The danger of playing regular-season games through the end of October is, as has often been stated, that if there's a second wave, it could wipe out the postseason. The owners prefer to get the World Series completed by October 31 to mitigate this risk. The players are asking for regular season through October. The proposed expanded playoffs would then extend through the end of November, more or less.



I wonder if any consideration has been made to putting the playoff teams in a quarantine bubble for these November games, which can all be hosted at a neutral site, perhaps in Hawaii or somewhere. For half of the fourteen teams, that quarantine would only last about a week, as they'll be eliminated in the first round. Only two teams would be bubbled for the full month. I can understand why players wouldn't want to be quarantined for months at a time, but maybe agreeing to a quarantine bubble for November post-season games would alleviate some of the owners' fears.


Posted


The first wave is receding. It's way too early to spike the ball, but the numbers are in decline. Not in every area, but in most of the areas that had been hardest hit.


Old-Timey Member
Posted


Benjamin Grimm wrote:

The first wave is receding. It's way too early to spike the ball, but the numbers are in decline. Not in every area, but in most of the areas that had been hardest hit.
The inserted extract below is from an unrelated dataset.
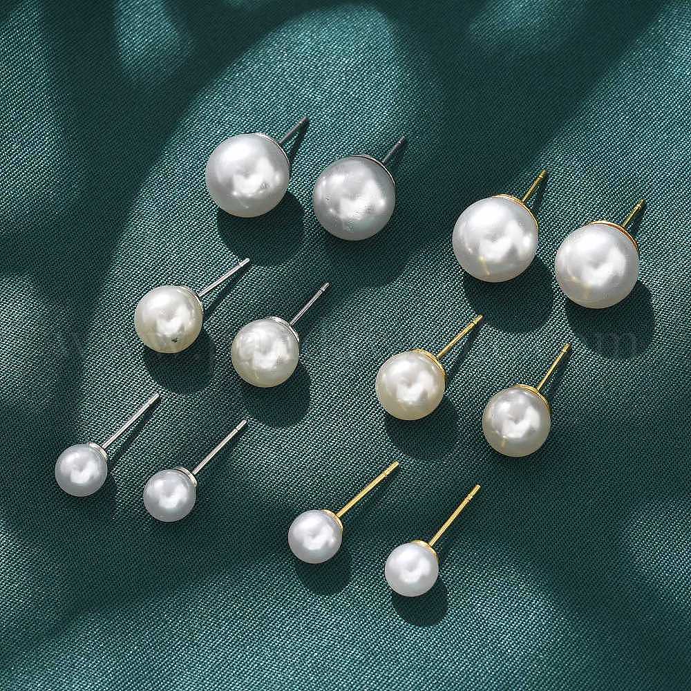 Серьги-гвоздики из искусственного жемчуга из латуни и АБС-пластика, без кадмия и без свинца, стойки покрытие, круглые

Lost the link, but a story from Italy over the weekend said that the virus is changing and newest forms of the -19 strain are less deadly. We can only hope.

Later


Posted


I saw that too. I'm a bit skeptical. I'll be more likely to believe it once it's confirmed by a few additional sources. But it's certainly encouraging news if true.


Grand Central Contributor
Posted


Benjamin Grimm wrote:

The first wave is receding. It's way too early to spike the ball, but the numbers are in decline. Not in every area, but in most of the areas that had been hardest hit.


we've all been inside, allowing the hospitals to catch up. That's hardly the same thing. Like if a huge real wave came and flooded the beach. We've got most of the people out of the water and fewer and fewer drownings, but if everyone starts going back on the beach..


Posted


...then there will be a second wave. I know. All I'm saying is that cases are currently in decline. Whether or not that lasts depends on how badly we screw things up going forward. I can certainly understand not being optimistic.


Posted


=Ceetar post_id=37710 time=1591017442 user_id=102]I don't think it really matters what the owners are 'claiming' about revenues, since literally everyone knows it's a lie.

Posted



Benjamin Grimm wrote:

The first wave is receding. It's way too early to spike the ball, but the numbers are in decline. Not in every area, but in most of the areas that had been hardest hit.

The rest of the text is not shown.